[[ Information supplied open ]]

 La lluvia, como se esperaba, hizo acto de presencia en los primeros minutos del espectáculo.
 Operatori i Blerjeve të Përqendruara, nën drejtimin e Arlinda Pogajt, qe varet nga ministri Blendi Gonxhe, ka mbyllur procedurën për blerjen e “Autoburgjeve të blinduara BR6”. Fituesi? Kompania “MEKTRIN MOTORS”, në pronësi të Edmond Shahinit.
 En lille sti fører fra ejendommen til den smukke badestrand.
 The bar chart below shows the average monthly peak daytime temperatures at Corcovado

[[ Information supplied closed ]]
[[ Information supplied open ]]

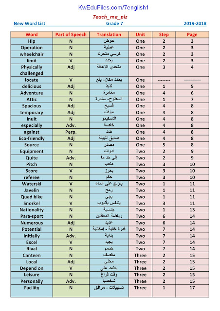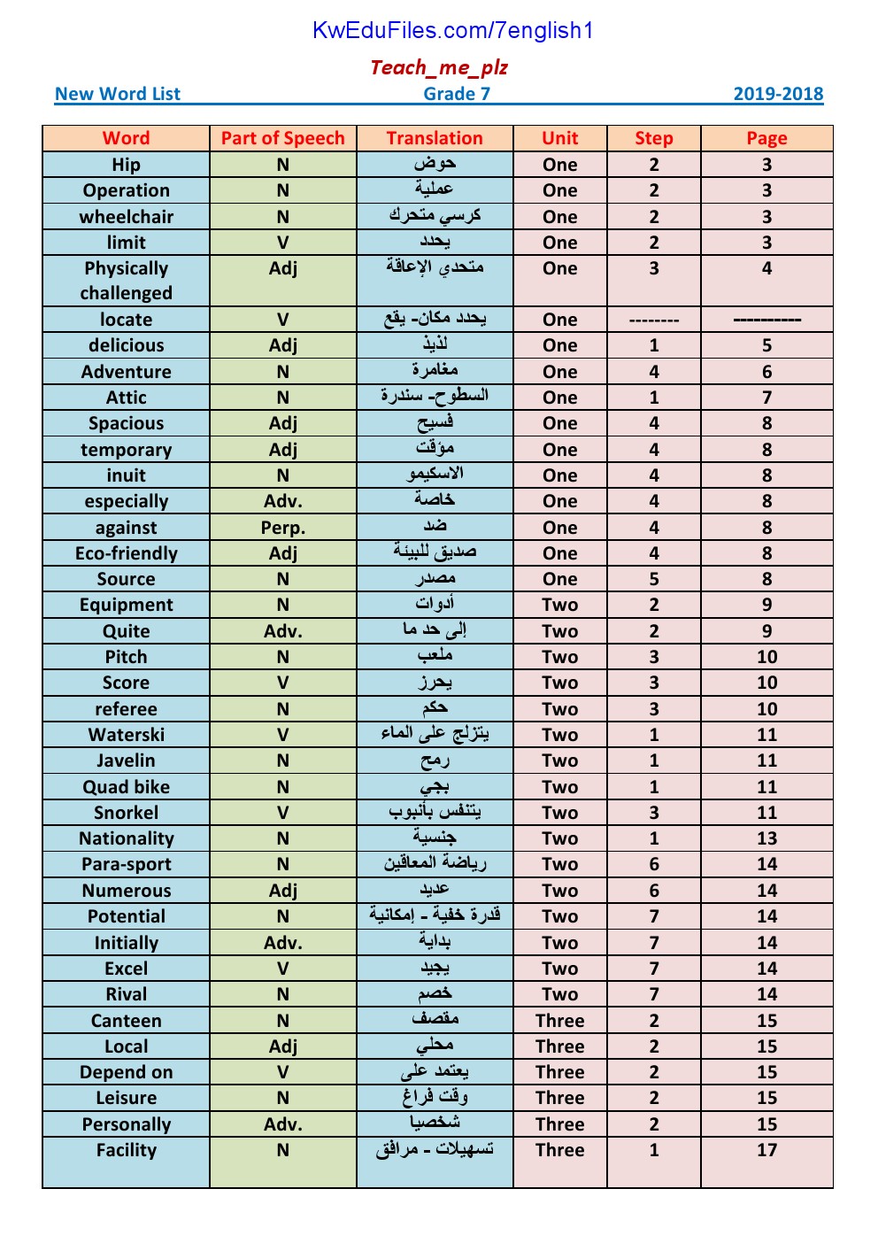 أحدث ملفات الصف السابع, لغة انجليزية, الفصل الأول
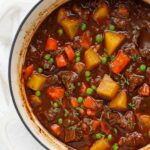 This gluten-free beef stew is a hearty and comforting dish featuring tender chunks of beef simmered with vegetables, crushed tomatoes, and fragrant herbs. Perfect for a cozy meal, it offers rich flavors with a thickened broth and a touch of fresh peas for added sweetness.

[[ Information supplied closed ]]

• [What you need to do]
Using the entries above, repeat only the lines from the one containing "En lille sti" through the one containing "The bar chart", end lines included.

• [Output below]
 En lille sti fører fra ejendommen til den smukke badestrand.
 The bar chart below shows the average monthly peak daytime temperatures at Corcovado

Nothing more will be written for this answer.